Dataset content Block Start

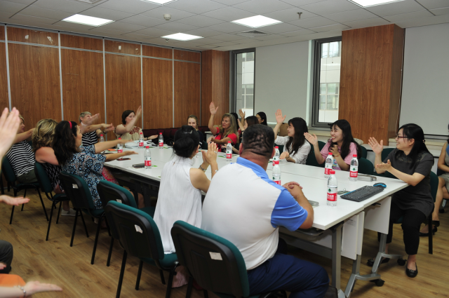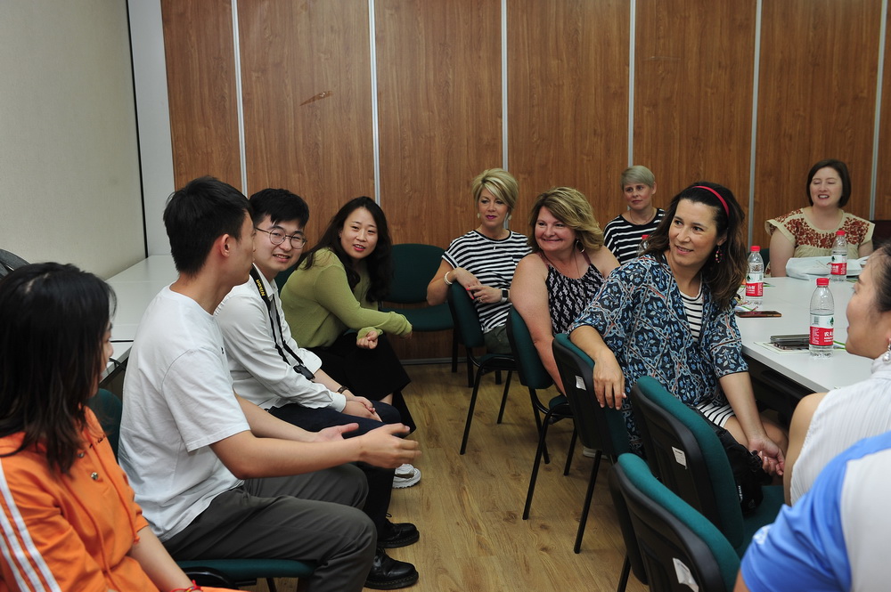 最后,即将前往俄大孔院各个教学点工作的汉院员工们与访问团的老师们就在俄州的教学和生活方面进行交流,访问团的老师们给予这些即将赴任的汉语志愿者教师很多宝贵的意见。访问团的老师们也很珍惜这次交流机会,纷纷与这些新汉语志愿者教师合影留念。
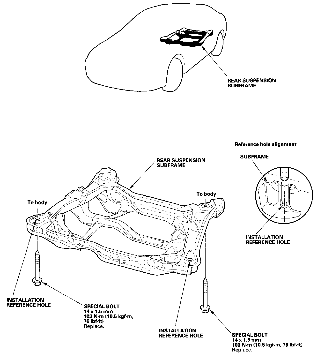 After removing the subframe mounting bolts, be sure to replace them with new ones.
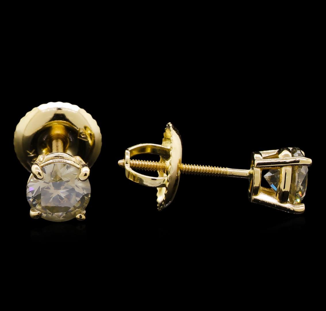 One pair electronically tested 14KT yellow gold cast & assembled diamond solitaire earrings with screw backs. Bright polish finish. Condition is new, good workmanship. Containing: One prong set round brilliant cut diamond, measuring 4.62 - 4.60 x 3.00mm (depth est.) approximate weight of 0.41ct. Graded in the setting. Clarity: I-1. Depth: 65.1%. Table 54.2%. One prong set round brilliant cut diamond, measuring 4.64 - 4.60 x 2.80mm (depth est.) approximate weight of 0.39ct. Graded in the setting. Clarity: I-1. Depth: 60.6%. Table 56.3%. Total Weight of Diamonds 0.80ct. Total Weight of Earrings 1.06gm. AIG Appraised at $1,355.00.
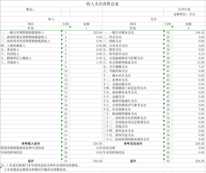 2023年度收、支总计224.36万元。与上年相比,增加56.4万元,增长33.58%,主要是因为2022年部分支出后移至2023年支出。
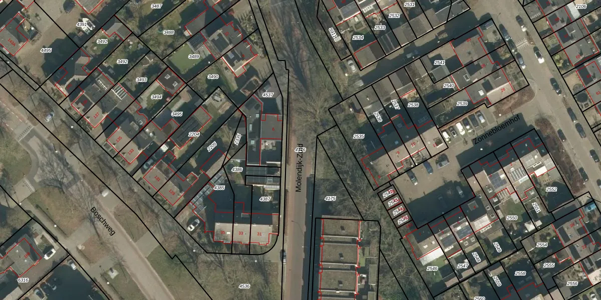 Gebruik de zoekbalk of klik op een perceel om informatie over het perceel te bekijken.

Dataset content Block End

| Goal of the exercise |
Nothing but the lines from the first line of the data above through the line holding "After removing the" may appear in the response, copied exactly and without pictures.

| Solved exercise |
 最后,即将前往俄大孔院各个教学点工作的汉院员工们与访问团的老师们就在俄州的教学和生活方面进行交流,访问团的老师们给予这些即将赴任的汉语志愿者教师很多宝贵的意见。访问团的老师们也很珍惜这次交流机会,纷纷与这些新汉语志愿者教师合影留念。
 After removing the subframe mounting bolts, be sure to replace them with new ones.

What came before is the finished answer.